Echoing allegations made by Trump and some of his allies in Congress, Castor said there is evidence some Ukrainians worked against Trump during the 2016 campaign, and that more than one country could have sought to undermine the election.

Republicans tried to raise objections to the proceedings and demanding a day of hearings on topics they want the committee to consider. Judiciary Chairman Jerrold Nadler put off an answer, saying he’s considering the request but that wasn’t the purpose of the Monday hearing.

Both sides are making political as well as legal arguments with the 2020 election that will decide control of the White House and Congress less than a year away.

Public’s View

The weeks of testimony at public hearings conducted by Democrats haven’t budged public opinion on impeachment. Poll averages compiled by FiveThirtyEight and RealClear Politics both show Americans evenly divided with roughly 47% to 48% supporting impeachment and 44% to 45% opposing. What’s more, some individual polls have found that more than eight in 10 people say their minds are made up.

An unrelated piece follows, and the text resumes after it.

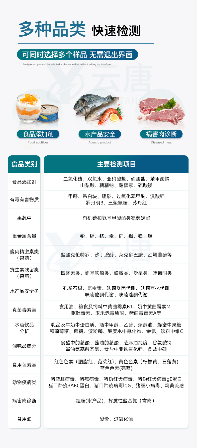 抗生素殘留(獸藥) | 四環(huán)素類、硝基呋喃類、磺胺類、β-興奮劑類、沙星類、磺胺類、喹諾酮類,甲砜霉素,氟苯尼考,金剛烷胺、替米考星、慶大霉素、林可霉素、鏈霉素、恩諾沙星、環(huán)丙沙星、頭孢啦啶、青霉素、阿莫西林等 |

Democrats have argued that the president’s dealings with Ukraine is the most direct and clearest case to make against the president. Nadler said Sunday on NBC that he’s reserving judgment on whether to include evidence from the Mueller investigation and that House Speaker Nancy Pelosi will have a role in that determination. The differences aren’t expected to hinder the quick timetable set by the Democrats.

The debate over what evidence to include coincides with the expected release on Monday of a long-awaited Justice Department Inspector General report on the genesis of the FBI’s Russia probe, which led to Mueller’s nearly two-year-long investigation.

Mueller’s report specifically said that the investigation didn’t exonerate Trump of obstructing justice.